Married but Happy said:


> This can work with the correct formulation for the individual, but it won't quite turn her into a horny teenager.


It really did pretty much turn my wife into a horny dude. 

She was not only DTF but it also made her much more assertive and engaging and show initiative.

She actually felt great and had a lot more energy and lot more what I would call general physicality - she was just a lot more physically engaged in the world. I don’t know how else to explain it. 

She says it was the best she has ever felt in her life and misses it a lot.


----------



## oldshirt (Apr 1, 2017)

I will throw this out there just for some food for thought. 

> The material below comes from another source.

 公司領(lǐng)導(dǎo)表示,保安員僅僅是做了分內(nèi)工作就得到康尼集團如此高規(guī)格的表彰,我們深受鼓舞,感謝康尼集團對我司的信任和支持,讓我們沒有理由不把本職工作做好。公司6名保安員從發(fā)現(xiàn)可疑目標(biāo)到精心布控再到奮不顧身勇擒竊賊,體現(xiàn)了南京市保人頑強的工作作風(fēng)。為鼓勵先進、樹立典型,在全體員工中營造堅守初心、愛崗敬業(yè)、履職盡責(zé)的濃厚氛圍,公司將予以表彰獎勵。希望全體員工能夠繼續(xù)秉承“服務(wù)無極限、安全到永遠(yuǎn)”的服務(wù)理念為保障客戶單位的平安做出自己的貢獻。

I have no evidence or suspicion of my wife ever cheating or hooking up without my knowledge and consent while she was on T therapy. 

But I was still like a horny teenager and always DTF and would never turn her down unless I was in a coma on a ventilator or something. And we were also in the swinging lifestyle at the time and so we had as much access to consensual non monogamy and variety as we would want.

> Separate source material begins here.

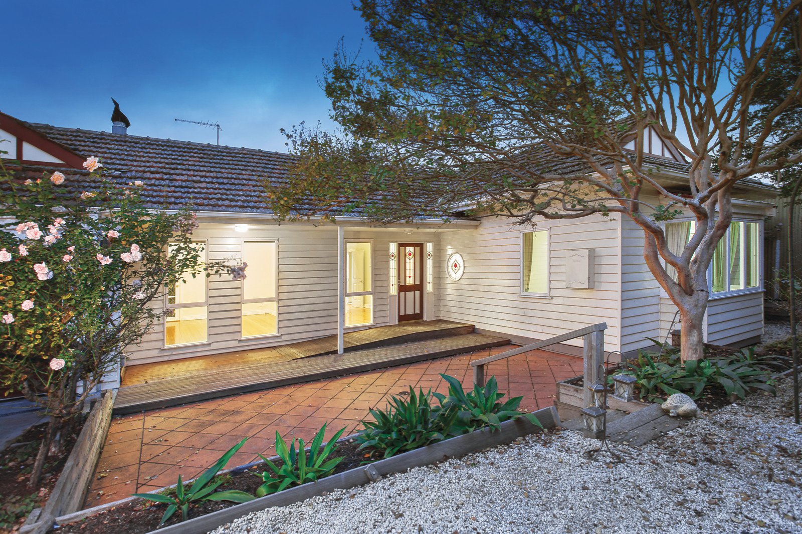 Privately positioned behind a high front fence and set in easily managed terraced gardens the home presents in excellent condition whilst also offering scope for further updating and improvements or new home site (STCA) if desired. The interior features polished timber floors and entrance hall leading to a sitting room with OFP, two bedrooms with BIRs, two stylish bathrooms and a laundry. Through to a well-equipped kitchen with timber bench-tops and stainless steel appliances plus a family living and dining room which opens to a deck with wisteria-clad pergola - providing ideal options for indoor/outdoor entertaining in complete privacy. Other features include alarm, period attributes, ducted heating, split-system R/C air conditioners (bedrooms & living), auto security gates to a remote garage/storage and tandem off-street parking.

However, I could see that if someone was having that response to T therapy and their partner was not DTF or was some kind of couch slug or had bad performance issues or simply did not care to take care of their needs, I really don’t doubt that in time they would be getting it somewhere else or packing bags. 

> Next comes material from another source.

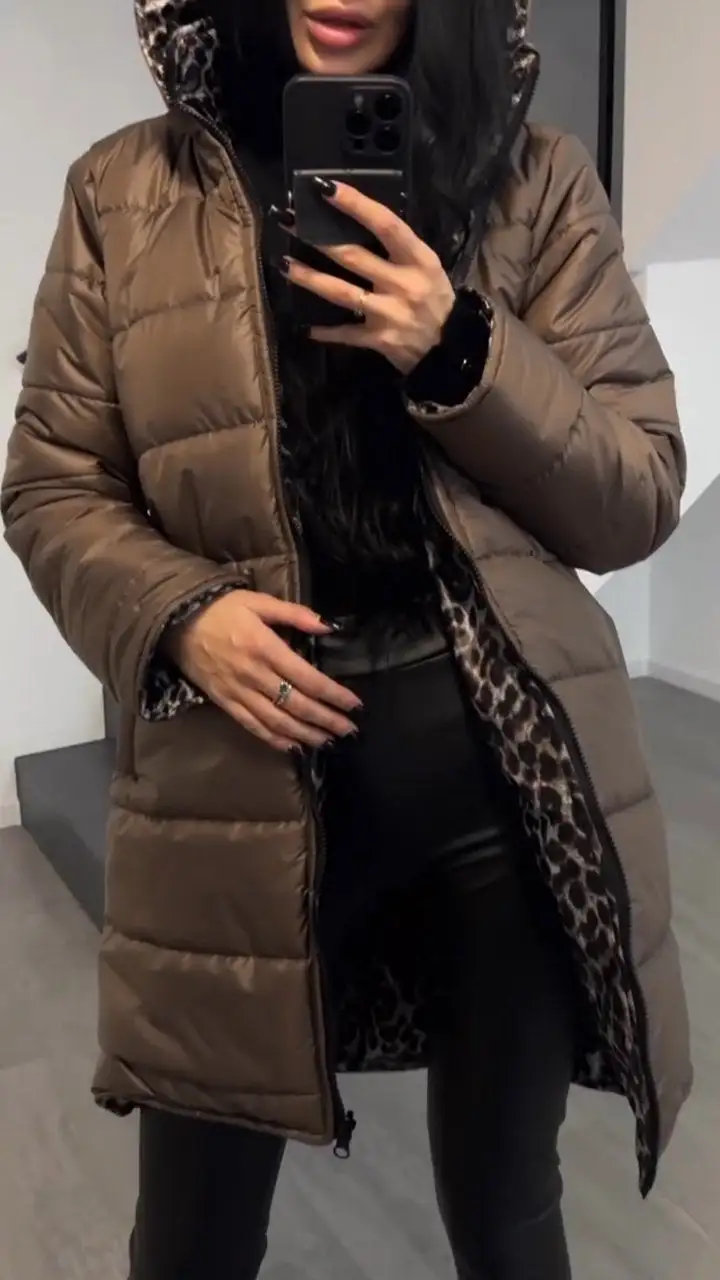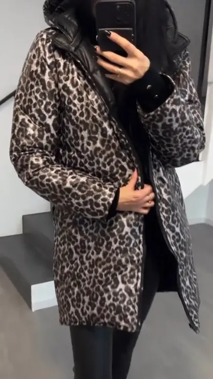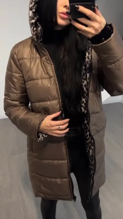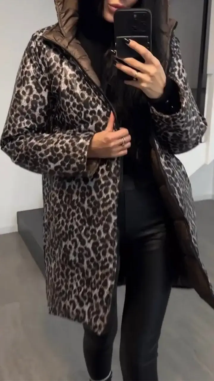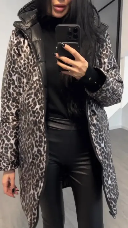 Women's Hooded Leopard + Solid Color Double-Sided Cotton Coat

It’s one of those things where you have to be careful what you ask for and is your relationship and your own sexual vigor up to snuff. 

I don’t mean to make that sound like some kind of sleazy marketing for T therapy or anything but just speaking from my own experience, if I wasn’t willing and able to meet her needs and had we not been in the lifestyle we were in at the time, she could have very well headed on down the road. 

It made my wife like a horny dude with pretty hair,boobs and a vagina. 

If a guy’s wife is on T therapy and he is basically a fat, frumpy, lazy, coach potato that couldn’t lift a finger to meet his wife’s needs, she may find someone who will and a horny woman can find someone ready, willing and able without barely lifting a finger. 

We all want sexually responsive partners, but you have a responsibility to hold up you end of the bargain if you are going to go messing with someone’s hormone balances.


----------



## Mr.Married (Feb 21, 2018)

For clarification: my post was out of curiosity only. We don’t have any issues. My wife had an ablation but that has t changed anything except make her period disappear. It’s still pretty obvious when she is ovulating.


----------



## Cletus (Apr 27, 2012)

oldshirt said:


> However, I could see that if someone was having that response to T therapy and their partner was not DTF or was some kind of couch slug or had bad performance issues or simply did not care to take care of their needs, I really don’t doubt that in time they would be getting it somewhere else or packing bags.


So you mean basically most men (part 1) and some women (part 2)?

I mean most men in the normal range are effectively on T therapy.


----------



## oldshirt (Apr 1, 2017)

Cletus said:


> So you mean basically most men (part 1) and some women (part 2)?
> 
> I mean most men in the normal range are effectively on T therapy.


I’m not sure I’m following you here. What do you mean?


----------



## Cletus (Apr 27, 2012)

oldshirt said:


> I’m not sure I’m following you here. What do you mean?


Women on T therapy often discover a small taste of what it's like to be a man, day in and day out. I've read a handful of reports here along the lines of "I don't know you guys live like this".


----------



## oldshirt (Apr 1, 2017)

Cletus said:


> Women on T therapy often discover a small taste of what it's like to be a man, day in and day out. I've read a handful of reports here along the lines of "I don't know you guys live like this".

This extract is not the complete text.